Ученые до сих пор бьются над вопросом о том, какая сила вызывает мутации. Указывали здесь и на радиацию, и на химичес­кие вещества, но всего этого недостаточно для исчерпывающего объяснения механизма мутации. Характерно, что вообще не все реакции главного генного компонента ДНК могут быть предска­зуемы 14). Быть может, в своих последних причинных основаниях они столь же парадоксальны, как «поведение» микрочастиц. Эти реакции уходят своими корнями к тем рубежам ядерных структур, где исследователь в силу известного «принципа неопределенности» вынужден остановиться 15).

«Пятьдесят лет постоянных наблюдений, — признался извест­ный американский палеонтолог Г. Осборн, — лишь укрепили меня в

91

 

 

давнишнем моем убеждении, что действительные причины эволюции неизвестны, и мое убеждение в данный момент таково, что вряд ли они когда-нибудь будут известны» 16). Неясным остается и соотно­шение целесообразных мутаций со случайными. А ведь именно це­лесообразные и являются одним из основных двигателей развития.

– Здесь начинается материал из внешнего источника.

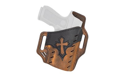 Versacarry’s Guardian holster is perfect for those looking to carry everyday and maintain comfort. This leather holster is two tone black and brown with a cross logo. The holster features 1.5″ belt loops and a forward cant to securely carry your holster provide a smooth draw.
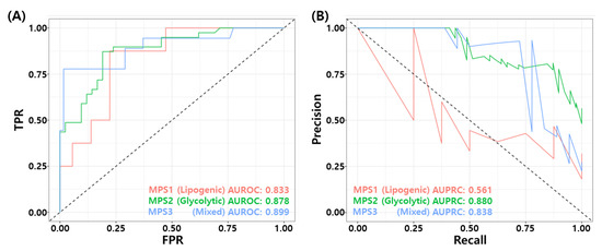 Recently, Gong et al. proposed metabolic-pathway based subtyping (MPS) of triple negative breast cancer to reveal potential therapeutic targets [76]. We stratified our test samples based on the MPS signatures suggested by Gong et al., and evaluate MPS specific performance of the proposed model. We performed GSVA for these MPS genesets on our test datasets. Among 205 samples, 44 samples were classified as MPS1, 81 samples were classified as MPS2, and 80 samples were classified as MPS3. MPS1 and MPS3 samples consist mostly of RD patients. In particular, 81% of MPS1 samples (36/42), and 77.5% of MPS3 samples are RD patients. MPS2 subtype contains 48% of pCR patients (39/81). Figure 9A,B shows the ROC and PR curves for MPS specific prediction by the proposed RF model. The proposed model showed relatively high performance in MPS2 and MPS3 subtypes compared to MPS1 subtype. Table 9 shows the binary classification performance of the proposed model for each MPS subtypes. The BACC of MPS1, MPS2, and MPS3 were 0.646, 0.747, and 0.841, respectively. These results may imply that the TNBC patients who have MPS 2 subtype can have higher probability of pCR with T/FAC or T/FEC based NAC.
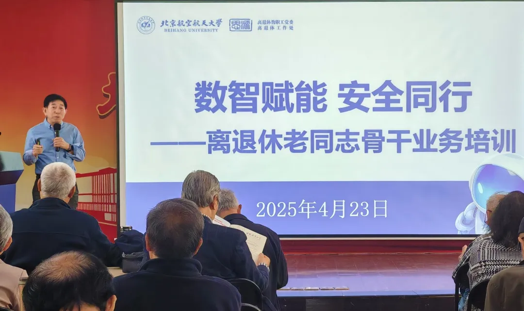 4月23日下午,北航思源楼二层多功能厅气氛热烈。网络安全与信息化学院退休教授刘连忠应邀走进思源讲堂,为80余名离退休党支部宣传委员以及关工委老同志骨干带来“数智赋能 安全同行”专题讲座。离退休党委副书记、离退休工作处副处长郭永秀主持活动。

Вообще, сама жизнь представляет собой нечто исключитель­ное во Вселенной. Как бы подтверждая библейское учение о трех основных фазах творения (Материя, Жизнь, Человек), наука чем дальше, тем более открывает неповторимое своеобразие жизни. Даже материалисты уже отказываются сводить ее только к фи­зико-химическим процессам, как они пытались это делать прежде. Выступая против учений о специфической «жизненной силе» (ви­тализме), они, однако, не могут предложить взамен ничего луч­шего, как окрестить жизненные процессы «физиологическими», полагая, что новый термин уже и есть ответ.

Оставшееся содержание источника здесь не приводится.